**Information supplied:**

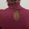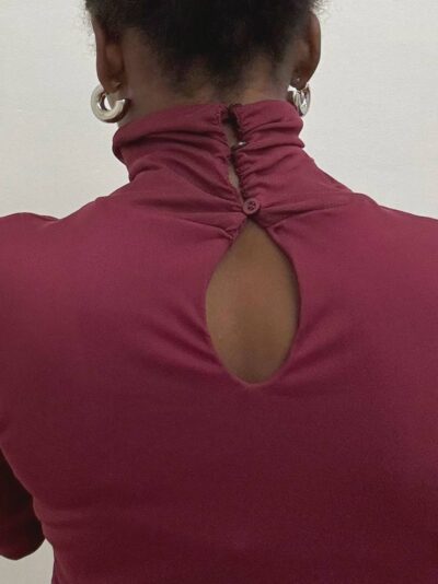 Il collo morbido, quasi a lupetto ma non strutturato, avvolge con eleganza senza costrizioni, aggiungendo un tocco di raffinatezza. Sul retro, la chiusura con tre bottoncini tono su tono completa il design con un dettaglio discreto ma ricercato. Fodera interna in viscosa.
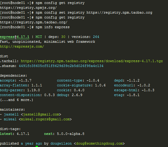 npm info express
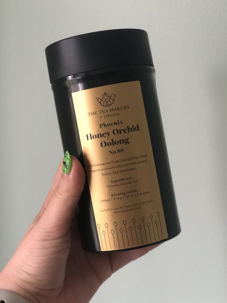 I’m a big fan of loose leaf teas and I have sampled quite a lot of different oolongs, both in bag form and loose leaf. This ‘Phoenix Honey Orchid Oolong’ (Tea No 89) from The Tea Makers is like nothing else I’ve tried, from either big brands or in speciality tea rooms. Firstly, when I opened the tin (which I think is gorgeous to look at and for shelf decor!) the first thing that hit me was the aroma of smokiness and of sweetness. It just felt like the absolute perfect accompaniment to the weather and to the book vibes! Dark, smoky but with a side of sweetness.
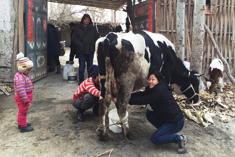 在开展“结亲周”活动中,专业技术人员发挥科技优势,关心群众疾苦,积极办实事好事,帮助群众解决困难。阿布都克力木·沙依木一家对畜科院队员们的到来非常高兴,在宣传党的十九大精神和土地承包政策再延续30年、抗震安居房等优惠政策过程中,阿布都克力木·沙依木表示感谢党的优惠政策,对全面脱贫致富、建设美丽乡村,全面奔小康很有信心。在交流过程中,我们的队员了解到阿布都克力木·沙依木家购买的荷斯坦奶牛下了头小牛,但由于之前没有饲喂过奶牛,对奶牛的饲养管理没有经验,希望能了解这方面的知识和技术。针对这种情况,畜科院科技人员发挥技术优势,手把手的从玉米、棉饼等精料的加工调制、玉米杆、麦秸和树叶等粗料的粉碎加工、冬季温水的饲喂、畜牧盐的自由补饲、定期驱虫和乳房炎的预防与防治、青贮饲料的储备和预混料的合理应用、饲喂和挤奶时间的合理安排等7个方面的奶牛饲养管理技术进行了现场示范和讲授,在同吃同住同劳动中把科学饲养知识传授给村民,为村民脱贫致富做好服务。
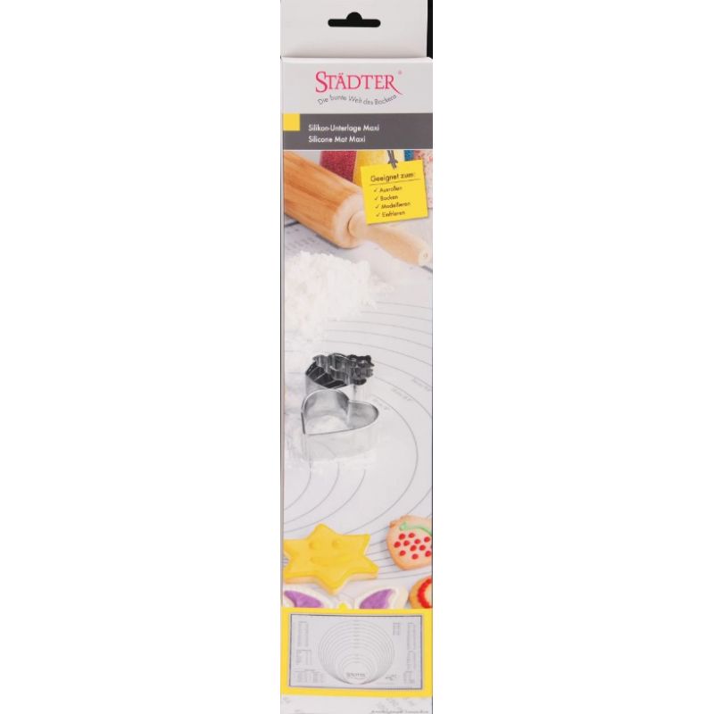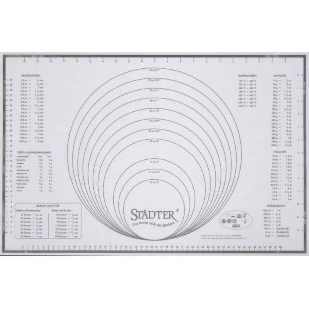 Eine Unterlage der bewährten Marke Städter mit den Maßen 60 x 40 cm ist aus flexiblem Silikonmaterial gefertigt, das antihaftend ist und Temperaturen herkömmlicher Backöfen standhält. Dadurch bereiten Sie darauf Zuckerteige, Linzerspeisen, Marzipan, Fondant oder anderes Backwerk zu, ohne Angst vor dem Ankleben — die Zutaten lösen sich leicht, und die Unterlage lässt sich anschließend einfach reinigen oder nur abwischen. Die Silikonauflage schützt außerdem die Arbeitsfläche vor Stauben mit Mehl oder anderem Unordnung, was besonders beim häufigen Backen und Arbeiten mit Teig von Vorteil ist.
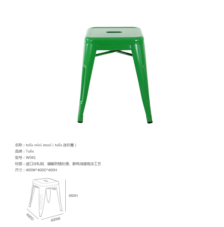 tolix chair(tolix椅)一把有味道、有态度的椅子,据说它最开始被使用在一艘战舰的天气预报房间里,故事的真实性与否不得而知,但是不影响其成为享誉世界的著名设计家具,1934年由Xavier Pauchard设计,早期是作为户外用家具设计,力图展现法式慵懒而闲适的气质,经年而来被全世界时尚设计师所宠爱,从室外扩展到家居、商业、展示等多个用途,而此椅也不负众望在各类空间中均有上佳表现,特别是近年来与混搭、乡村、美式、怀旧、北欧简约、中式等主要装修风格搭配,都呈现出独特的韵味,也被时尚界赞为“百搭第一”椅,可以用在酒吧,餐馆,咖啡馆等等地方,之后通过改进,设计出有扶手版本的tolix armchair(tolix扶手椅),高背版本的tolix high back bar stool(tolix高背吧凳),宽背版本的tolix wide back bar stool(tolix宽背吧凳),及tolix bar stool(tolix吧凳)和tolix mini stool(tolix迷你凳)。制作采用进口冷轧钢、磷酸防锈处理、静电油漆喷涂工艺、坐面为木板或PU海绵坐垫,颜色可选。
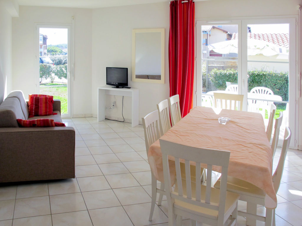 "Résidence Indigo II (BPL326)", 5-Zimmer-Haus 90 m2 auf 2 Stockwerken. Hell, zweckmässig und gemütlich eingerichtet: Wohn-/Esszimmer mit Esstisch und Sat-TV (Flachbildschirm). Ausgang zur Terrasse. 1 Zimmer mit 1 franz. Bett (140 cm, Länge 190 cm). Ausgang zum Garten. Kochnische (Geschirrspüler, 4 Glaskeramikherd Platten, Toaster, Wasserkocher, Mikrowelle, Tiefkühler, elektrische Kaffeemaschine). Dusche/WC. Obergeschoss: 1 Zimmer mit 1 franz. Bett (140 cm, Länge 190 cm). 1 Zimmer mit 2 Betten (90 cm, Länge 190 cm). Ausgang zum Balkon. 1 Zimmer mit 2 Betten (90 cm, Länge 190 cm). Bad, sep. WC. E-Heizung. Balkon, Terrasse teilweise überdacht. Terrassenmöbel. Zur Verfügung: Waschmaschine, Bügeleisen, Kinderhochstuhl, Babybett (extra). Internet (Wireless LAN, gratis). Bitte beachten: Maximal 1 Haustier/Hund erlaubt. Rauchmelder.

--

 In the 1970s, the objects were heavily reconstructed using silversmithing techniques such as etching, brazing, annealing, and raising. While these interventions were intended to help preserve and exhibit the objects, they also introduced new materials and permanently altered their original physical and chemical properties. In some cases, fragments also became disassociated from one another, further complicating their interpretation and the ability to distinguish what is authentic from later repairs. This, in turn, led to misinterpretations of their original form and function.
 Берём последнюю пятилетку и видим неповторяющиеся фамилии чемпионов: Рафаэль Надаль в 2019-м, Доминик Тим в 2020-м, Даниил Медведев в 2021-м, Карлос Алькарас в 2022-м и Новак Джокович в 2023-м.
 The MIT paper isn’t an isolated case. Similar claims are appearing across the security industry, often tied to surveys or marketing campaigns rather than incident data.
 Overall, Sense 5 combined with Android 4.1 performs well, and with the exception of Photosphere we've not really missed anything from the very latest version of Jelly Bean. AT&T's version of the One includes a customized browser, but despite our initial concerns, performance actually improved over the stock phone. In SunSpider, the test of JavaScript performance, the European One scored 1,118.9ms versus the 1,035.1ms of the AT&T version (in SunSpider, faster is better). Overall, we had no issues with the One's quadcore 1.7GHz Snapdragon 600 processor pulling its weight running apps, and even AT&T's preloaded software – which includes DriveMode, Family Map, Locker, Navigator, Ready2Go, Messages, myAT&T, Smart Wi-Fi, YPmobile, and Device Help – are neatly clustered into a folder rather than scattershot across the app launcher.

**Required work:** Beginning at the line that has "Il collo morbido, quasi" and ending at the line that has "I’m a big fan", restate the listing above word for word, pictures left out.

**Answer section:**
 Il collo morbido, quasi a lupetto ma non strutturato, avvolge con eleganza senza costrizioni, aggiungendo un tocco di raffinatezza. Sul retro, la chiusura con tre bottoncini tono su tono completa il design con un dettaglio discreto ma ricercato. Fodera interna in viscosa.
 npm info express
 I’m a big fan of loose leaf teas and I have sampled quite a lot of different oolongs, both in bag form and loose leaf. This ‘Phoenix Honey Orchid Oolong’ (Tea No 89) from The Tea Makers is like nothing else I’ve tried, from either big brands or in speciality tea rooms. Firstly, when I opened the tin (which I think is gorgeous to look at and for shelf decor!) the first thing that hit me was the aroma of smokiness and of sweetness. It just felt like the absolute perfect accompaniment to the weather and to the book vibes! Dark, smoky but with a side of sweetness.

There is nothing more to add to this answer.